The remaining papers presented different studies which were categorized according to the evaluation techniques used, mentioned in the former chapter. The most common participants in these evaluations were students. 31 publications presented a study, where this group of test subjects were represented and 22 of them were carried out in the area of higher education. Aside from educational settings, other studies were carried out in the context of professional work or medicine, therefore another common group of participants were patients or representatives from the specific domain. One example of a study with patients was explained by Summers et al. [32], where the researchers used a variety of methods to evaluate their application, like observations or a questionnaire. Only two papers contained experts as the test subjects and there were four publications, which did not describe the test subjects in detail aside from sex or age. The number of evaluators varied between five and 829. The last number stems from Scullion et al. [9], where the researchers first let 720 participants answer a questionnaire about subjective experiences and later conducted another survey with 102 students on three different universities.

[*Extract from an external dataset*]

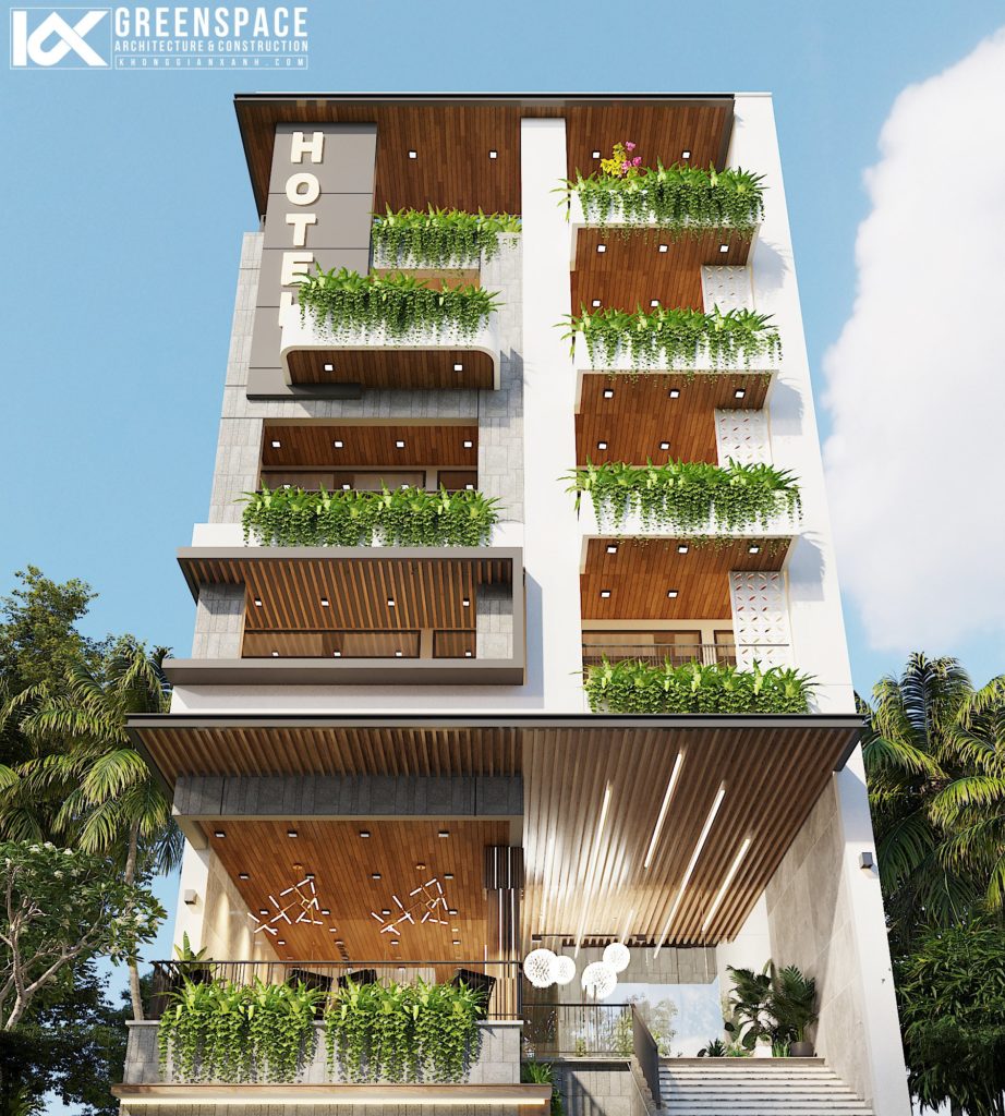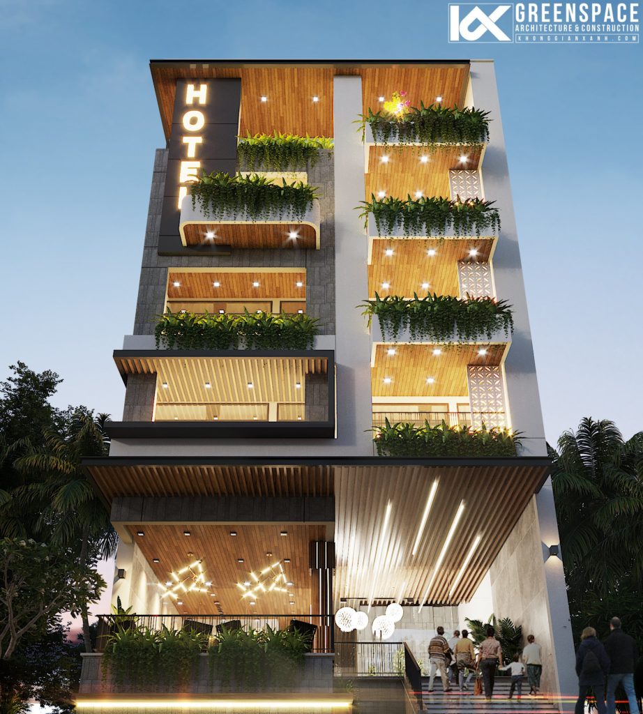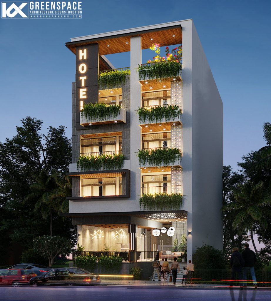 Thiết kế khách sạn 5 tầng hiện đại mang đến cho bạn cảm giác nhẹ nhàng với không gian gần gũi với thiên nhiên. Khách sạn được thiết kế với những đường nét hình khối đơn giản, tạo điểm nhấn.

As mentioned in the research design chapter, the authors also took notes on explanations of iterative evaluation processes. It turned out, that many studies were conducted within such a procedure. However, only nine publications described such iterative evaluation processes more detailed. Examples for this can be found in Pombo et al. [33] and Shahriari-Rad et al. [34]. A detailed description of a multilayered evaluation design is presented in Lozada-Yánez et al. [35]. The researchers of this paper explained five stages of testing, which started with a first review of their test environment in the construction phase. The original items were then validated according to their relevance and clarity. After this stage, the test was further adjusted, and a pilot study was conducted. As a final step, the researchers performed a reliability analysis of the obtained data.

Fig. 1.
figure 1

Types of evaluation techniques by year and publication date.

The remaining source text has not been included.